Laboratory of Information Biology, Graduate School of Information Sciences, Tohoku University, Sendai, Japan.
Super-Network Brain Physiology, Graduate School of Life Sciences, Tohoku University, Sendai, Japan.
J Neuroendocrinol. 2023 Dec;35(12):e13351. doi: 10.1111/jne.13351. Epub 2023 Oct 30.

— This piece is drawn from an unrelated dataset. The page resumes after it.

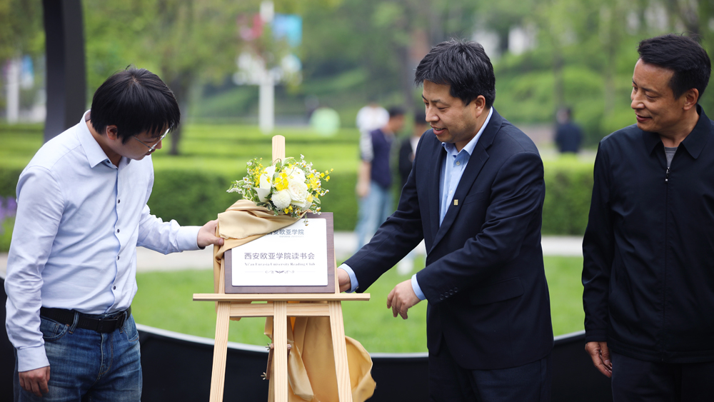 读书是以阅读为杠杆,丈量世界之外的万千可能。在第26个世界读书日到来之际,beat365读书会正式揭牌。开幕式上,曲江书城市场营销部经理樊峥、beat365图文信息中心主任罗征、校工会副主席晏建忠共同见证欧亚读书会揭牌。

Serotonergic neurons originating from the raphe nuclei have been proposed to regulate corticotropin-releasing factor (CRF) neurons in the paraventricular nucleus of the hypothalamus (PVH). Since glutamate- and γ-aminobutyric acid (GABA)-containing neurons, constituting the hypothalamic local circuits, innervate PVH CRF neurons, we examined whether they mediate the actions of serotonin (5-hydroxytryptamine [5-HT]) on CRF neurons. Spontaneous excitatory postsynaptic currents (sEPSCs) or spontaneous inhibitory postsynaptic currents (sIPSCs) were recorded in PVH CRF neurons, under whole cell patch-clamp, using the CRF-modified yellow fluorescent protein (Venus) ΔNeo mouse. Serotonin elicited an increase in the frequency of sEPSCs in 77% of the cells and a decrease in the frequency of sIPSCs in 71% of the cells, tested in normal medium. Neither the amplitude nor decay time of sEPSC and sIPSC was affected, thus the site(s) of action of serotonin may be presynaptic. In the presence of tetrodotoxin (TTX), serotonin had no significant effects on either parameter of sEPSC or sIPSC, indicating that the effects of serotonin are action potential-dependent, and that the presynaptic interneurons are largely intact within the slice; distant neurons may exist, though, since some 20%-30% of neurons did not respond to serotonin without TTX. We next examined through what receptor subtype(s) serotonin exerts its effects on presynaptic interneurons. DOI (5-HT agonist) mimicked the action of serotonin on the sIPSCs, and the serotonin-induced decrease in sIPSC frequency was inhibited by a selective 5-HT antagonist RS102221. 8-OH-DPAT (5-HT agonist) mimicked the action of serotonin on the sEPSCs, and the serotonin-induced increase in sEPSC frequency was inhibited by a selective 5-HT antagonist SB269970. Thus, serotonin showed a dual action on PVH CRF neurons, by upregulating glutamatergic- and downregulating GABAergic interneurons; the former may partly be mediated by 5-HT receptors, whereas the latter by 5-HT receptors. The CRF-Venus ΔNeo mouse was useful for the electrophysiological examination.
来自中缝核的血清素能神经元被认为可以调节下丘脑室旁核(PVH)中的促肾上腺皮质释放因子(CRF)神经元。由于谷氨酸和γ-氨基丁酸(GABA)能神经元构成了下丘脑局部回路,它们投射到 PVH CRF 神经元,因此我们研究了它们是否介导了血清素(5-羟色胺[5-HT])对 CRF 神经元的作用。在使用 CRF 修饰的黄色荧光蛋白(Venus)ΔNeo 小鼠的全细胞膜片钳记录中,我们在 PVH CRF 神经元中记录自发兴奋性突触后电流(sEPSC)或自发抑制性突触后电流(sIPSC)。在正常培养基中,血清素可使 77%的细胞的 sEPSC 频率增加,使 71%的细胞的 sIPSC 频率降低。sEPSC 和 sIPSC 的幅度和衰减时间均不受影响,因此血清素的作用部位可能是突触前。在加入河豚毒素(TTX)后,血清素对 sEPSC 或 sIPSC 的任何参数均无明显影响,表明血清素的作用依赖于动作电位,并且切片中大部分突触前中间神经元仍然完整;尽管存在一些 20%-30%的神经元在没有 TTX 的情况下对血清素没有反应,但是可能存在远距离神经元。接下来,我们通过什么受体亚型(s)研究了血清素对突触前中间神经元的作用。DOI(5-HT 激动剂)模拟了血清素对 sIPSC 的作用,而选择性 5-HT 拮抗剂 RS102221 抑制了血清素引起的 sIPSC 频率降低。8-OH-DPAT(5-HT 激动剂)模拟了血清素对 sEPSC 的作用,而选择性 5-HT 拮抗剂 SB269970 抑制了血清素引起的 sEPSC 频率增加。因此,血清素对 PVH CRF 神经元具有双重作用,上调谷氨酸能神经元并下调 GABA 能神经元;前者可能部分由 5-HT 受体介导,而后者由 5-HT 受体介导。CRF-VenusΔNeo 小鼠对电生理检查很有用。